*Recorded information*
--- START ---

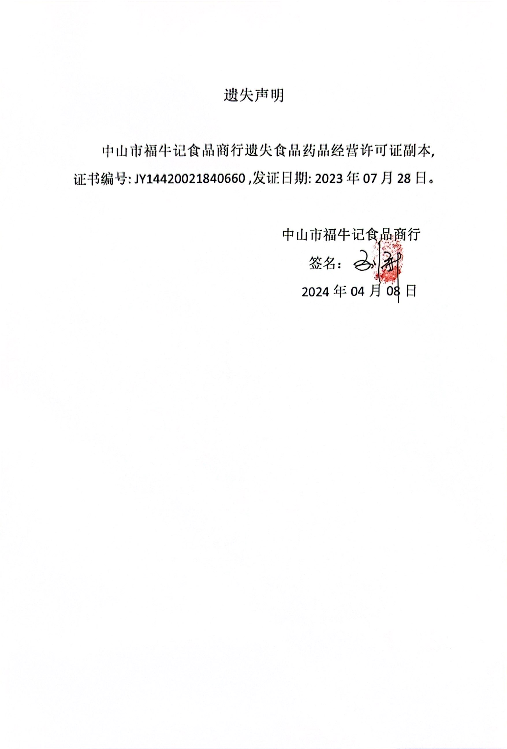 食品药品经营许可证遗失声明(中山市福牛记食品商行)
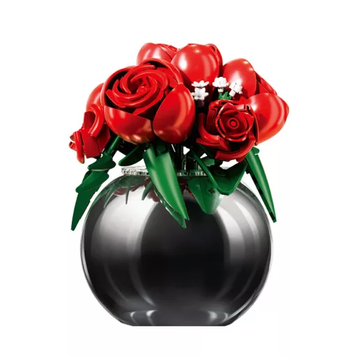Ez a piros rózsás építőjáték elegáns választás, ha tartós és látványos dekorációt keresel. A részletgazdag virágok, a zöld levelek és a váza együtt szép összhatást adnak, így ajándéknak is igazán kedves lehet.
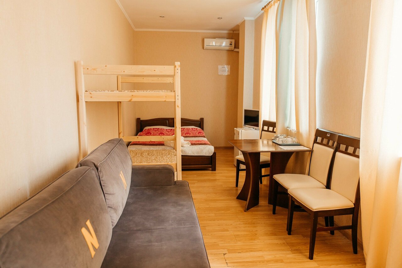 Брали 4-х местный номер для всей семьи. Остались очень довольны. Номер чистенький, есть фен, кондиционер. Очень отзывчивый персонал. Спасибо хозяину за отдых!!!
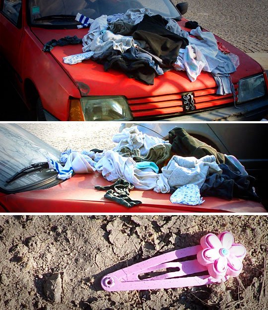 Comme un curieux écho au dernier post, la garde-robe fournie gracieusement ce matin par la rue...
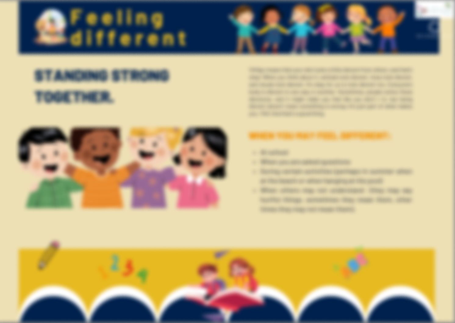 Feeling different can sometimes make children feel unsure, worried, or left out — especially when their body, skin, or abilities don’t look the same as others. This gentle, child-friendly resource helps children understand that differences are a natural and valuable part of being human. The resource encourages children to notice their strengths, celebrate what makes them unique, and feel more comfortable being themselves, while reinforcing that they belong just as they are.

--- END ---
--- START ---

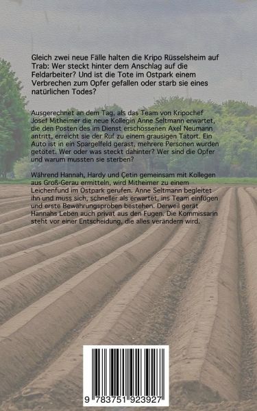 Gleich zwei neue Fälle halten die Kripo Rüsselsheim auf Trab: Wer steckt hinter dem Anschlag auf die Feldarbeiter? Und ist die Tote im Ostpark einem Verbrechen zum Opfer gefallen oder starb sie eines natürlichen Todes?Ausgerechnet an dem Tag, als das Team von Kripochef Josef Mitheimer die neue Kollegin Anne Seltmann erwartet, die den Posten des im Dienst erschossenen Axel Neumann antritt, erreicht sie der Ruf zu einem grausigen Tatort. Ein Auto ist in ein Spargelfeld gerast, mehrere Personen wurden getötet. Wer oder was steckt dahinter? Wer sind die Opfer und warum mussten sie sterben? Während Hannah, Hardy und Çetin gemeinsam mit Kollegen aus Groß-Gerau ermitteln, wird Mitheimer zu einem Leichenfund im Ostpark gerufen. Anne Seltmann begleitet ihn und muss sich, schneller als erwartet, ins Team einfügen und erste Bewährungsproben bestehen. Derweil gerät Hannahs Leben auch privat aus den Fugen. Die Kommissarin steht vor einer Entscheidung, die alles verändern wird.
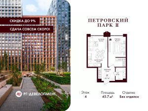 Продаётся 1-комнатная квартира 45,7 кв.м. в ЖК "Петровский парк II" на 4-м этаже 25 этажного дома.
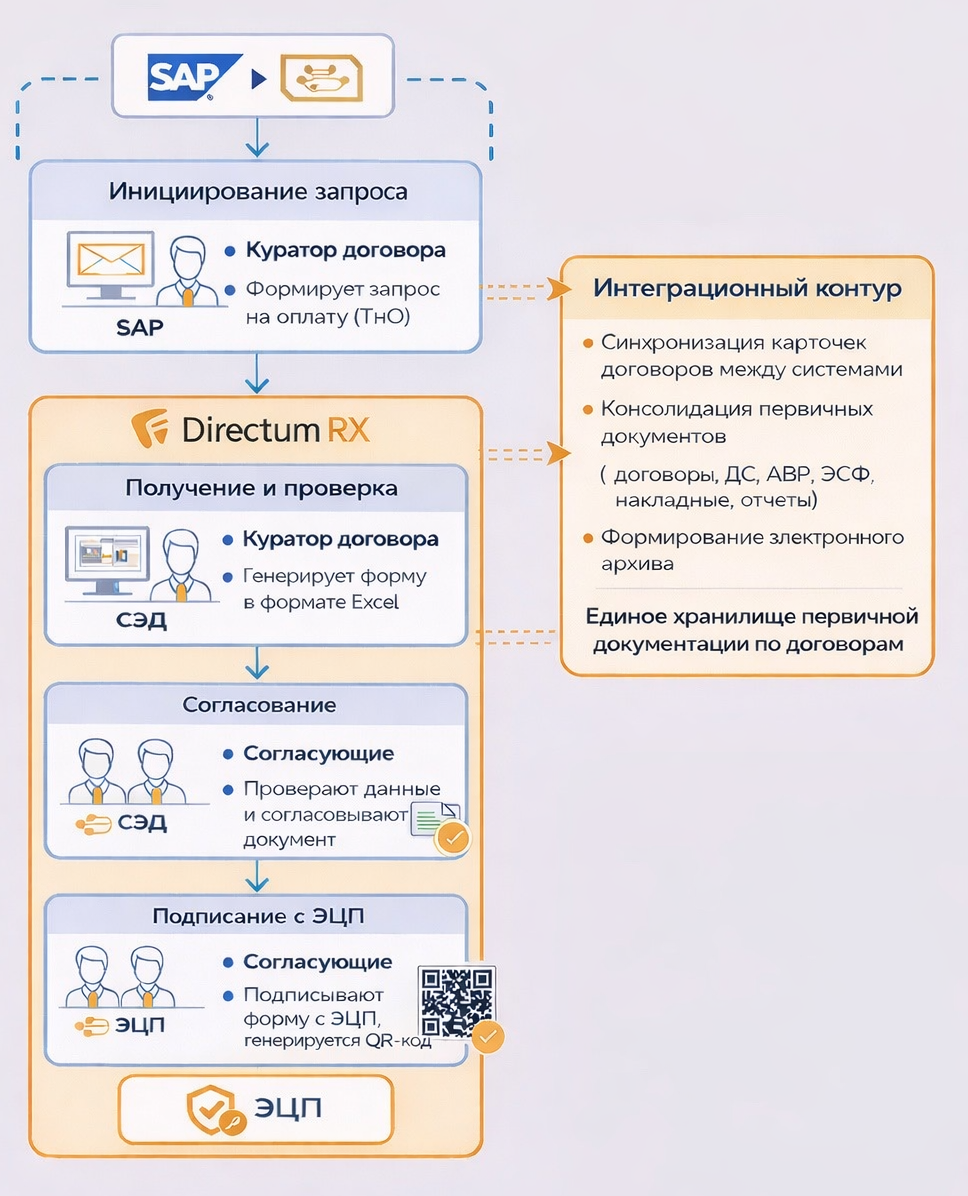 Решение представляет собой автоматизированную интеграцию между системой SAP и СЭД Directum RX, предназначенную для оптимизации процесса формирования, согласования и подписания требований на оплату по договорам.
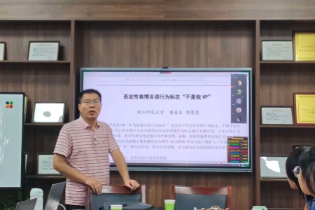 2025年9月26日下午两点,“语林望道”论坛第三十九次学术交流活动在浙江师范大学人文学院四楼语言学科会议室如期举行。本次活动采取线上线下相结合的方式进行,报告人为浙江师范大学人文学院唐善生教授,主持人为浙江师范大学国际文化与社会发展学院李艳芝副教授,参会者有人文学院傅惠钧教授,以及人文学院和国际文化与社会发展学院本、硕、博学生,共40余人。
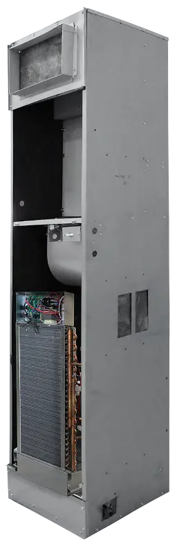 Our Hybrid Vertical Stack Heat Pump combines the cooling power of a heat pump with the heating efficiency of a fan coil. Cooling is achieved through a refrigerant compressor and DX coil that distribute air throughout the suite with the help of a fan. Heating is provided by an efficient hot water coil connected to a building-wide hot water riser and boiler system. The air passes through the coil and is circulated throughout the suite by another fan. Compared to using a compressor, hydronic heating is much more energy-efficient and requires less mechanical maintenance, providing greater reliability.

--- END ---

Exactly as written above, retype the lines starting at the one holding "食品药品经营许可证遗失声明(中山市福牛记食品商行)" and ending at the one holding "Feeling different can", both included, but not the pictures.

 食品药品经营许可证遗失声明(中山市福牛记食品商行)
Ez a piros rózsás építőjáték elegáns választás, ha tartós és látványos dekorációt keresel. A részletgazdag virágok, a zöld levelek és a váza együtt szép összhatást adnak, így ajándéknak is igazán kedves lehet.
 Брали 4-х местный номер для всей семьи. Остались очень довольны. Номер чистенький, есть фен, кондиционер. Очень отзывчивый персонал. Спасибо хозяину за отдых!!!
 Comme un curieux écho au dernier post, la garde-robe fournie gracieusement ce matin par la rue...
 Feeling different can sometimes make children feel unsure, worried, or left out — especially when their body, skin, or abilities don’t look the same as others. This gentle, child-friendly resource helps children understand that differences are a natural and valuable part of being human. The resource encourages children to notice their strengths, celebrate what makes them unique, and feel more comfortable being themselves, while reinforcing that they belong just as they are.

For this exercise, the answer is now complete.